Si parla tantissimo di Marotta e l'Inter: un'operazione fuori luogo che non avrebbe senso per nessuno. L'Inter, per come è oggi strutturata, non avrebbe bisogno di un manager come Marotta. Spazio ad Ausilio come Direttore Sportivo che ha sempre fatto meglio da solo rispetto a quando è stato vice di Branca o Sabatini. Ausilio deve operare da solo e senza bàlia. Se lo ritengono bravo vada avanti Ausilio, altrimenti, mettere un altro sopra Ausilio sul mercato non avrebbe una minima spiegazione. Marotta è stato un top manager della Juventus e, per mille ragioni, oggi non deve andare all'Inter. E' prematuro e sarebbe poco elegante. Parliamo di un Amministratore Delegato che opera nello stesso campo delle due aziende in questione. Ci sarebbe da mettere anche una clausola, pagata, dove si vieta di occupare ruoli importanti in società concorrenti almeno per i 3 anni successivi. Marotta conosce dinamiche, segreti e progetti della Juventus. E' stato pagato bene, meritando ciò che ha portato a casa, ma oggi un imminente passaggio all'Inter non sarebbe elegante.

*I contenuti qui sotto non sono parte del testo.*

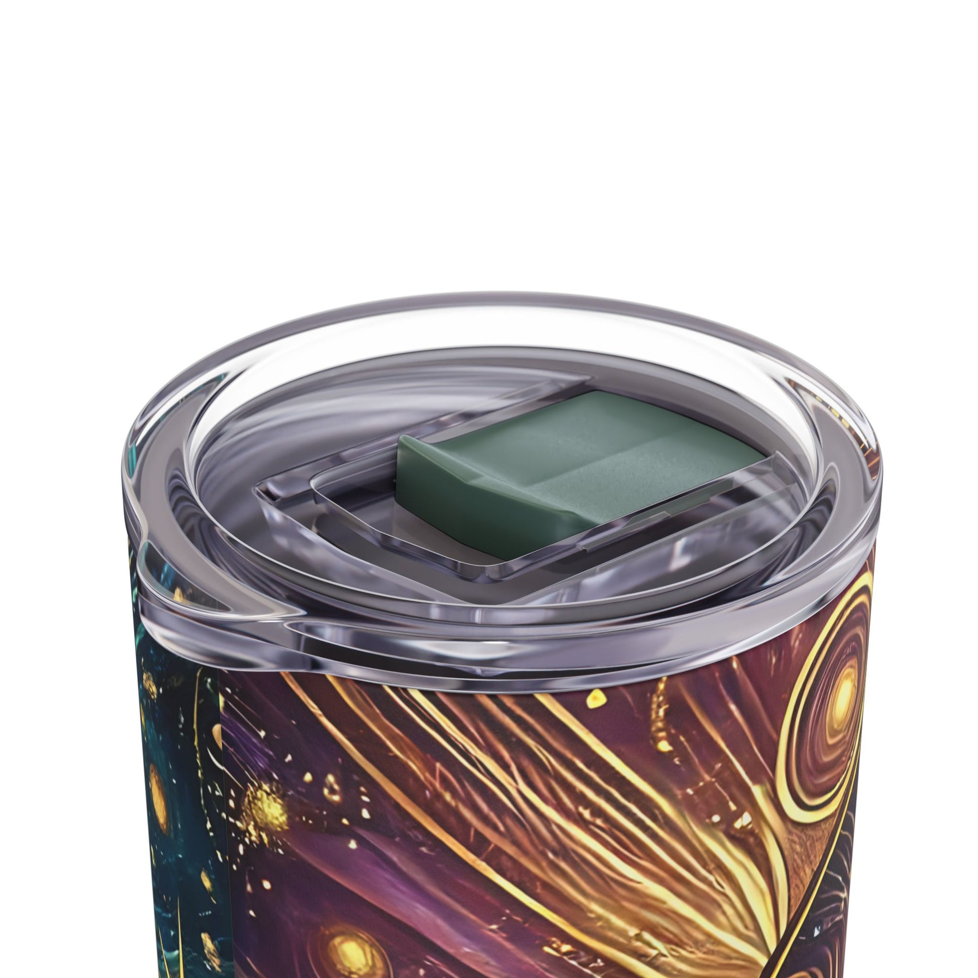 Channel the mystical power of the sun and moon with this enchanting celestial tumbler. Featuring a radiant sun face surrounded by swirling cosmic patterns in rich golds, teals, and purples, this design is perfect for spiritual souls, astrology lovers, and anyone who feels connected to the universe's magic.
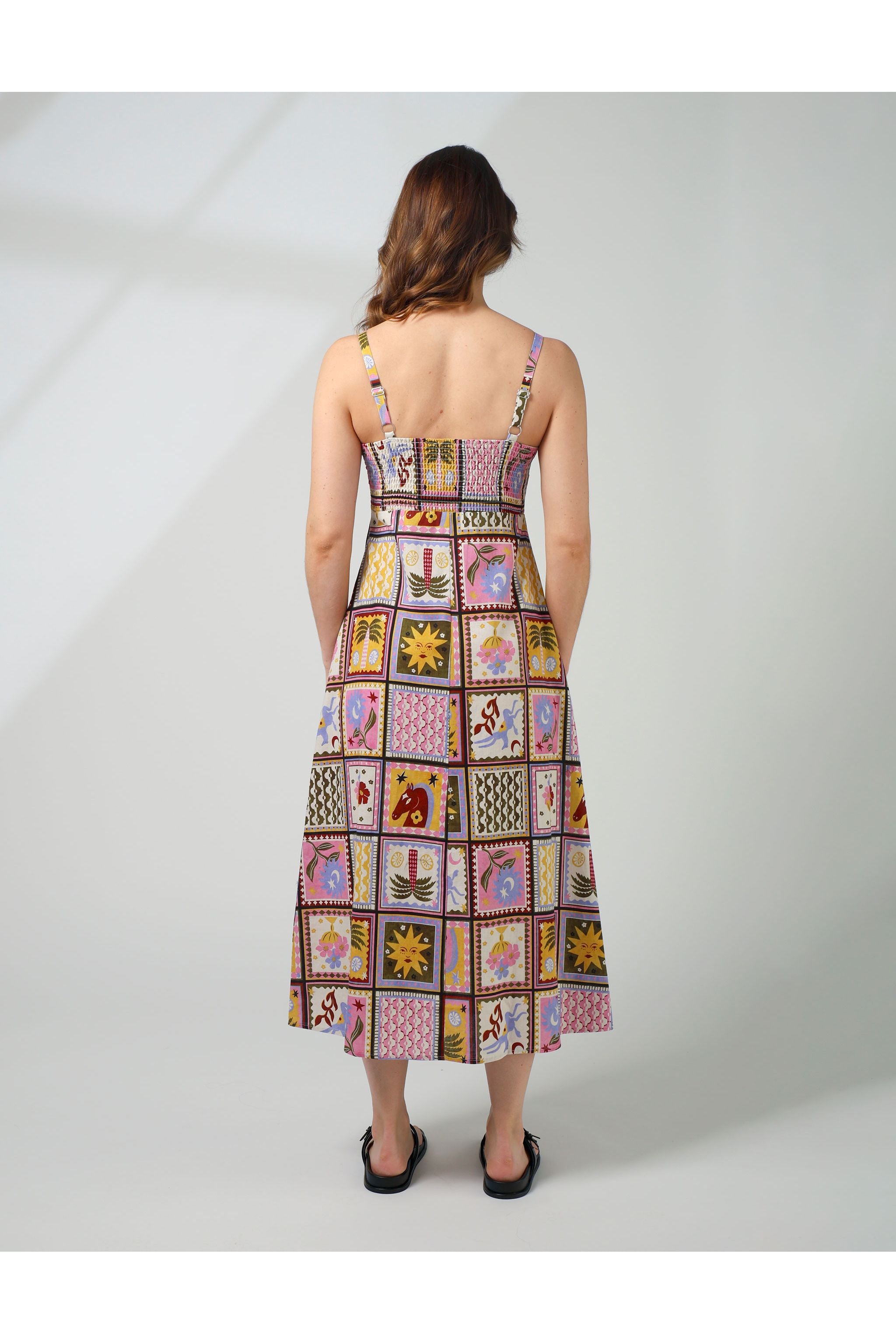 The Jude Dress is a warm-weather staple designed with a straight-across bodice and gentle waist definition for a flattering silhouette. Falling to a midi length, the skirt has a slight fullness that moves with ease. Made from a breathable blend of cotton and linen, it’s perfect for sun-soaked days. The vibrant multi-coloured print—featuring pink, khaki, mustard yellow, white, and cornflower blue—evokes memories of Moroccan markets and summer escapes.

Infine tema FIGC. Finalmente il 22 si svolta con la poltrona di Presidente affidata a Gabriele Gravina. Abbiamo spesso massacrato il sistema calcio perché non trovava una unità di intenti e mandava al massacro tutto il sistema. Questa volta, invece, ha prevalso il buon senso trovando l'uomo giusto per il rilancio di tutto il calcio. Guarda caso, l'unico a restarne fuori è Damiano Tommasi con l'AIC. La categoria che è messa peggio è proprio quella dei calciatori per colpa di un Presidente che continua a rimandare le decisioni serie e continua a restare fuori dalla politica che conta. Si è candidato e ha perso, ha appoggiato cavalli sbagliati e continua a non capire che un ex calciatore non per forza può essere un bravo dirigente. Anzi, chi ha giocato sta dimostrando palesemente di non meritare un posto in poltrona. Con Gravina si svolta. Perché? Prende decisioni e non le rimanda. Non guarda in faccia a nessuno, conosce la materia e sa bene che ha solo due anni per conquistarsi la conferma. Già uno che ti dice che la serie C così com'è non è sostenibile e deve diventare semi professionismo per abbattere anche il carico fiscale significa che ha vinto prima di scendere in campo. Gravina sarà l'uomo delle riforme, della comunicazione e delle innovazioni. Dovrà mettere anche mano alle Nazionali perché se le giovanili affidate a Viscidi viaggiano, quelle dei piani alti sono un mezzo disastro. Contiamo i giorni anche per sistemare le date del mercato e cambiare completamente la giustizia sportiva. W Gravina. Finalmente un Presidente nella carica più alta dello stato di un pallone bucato.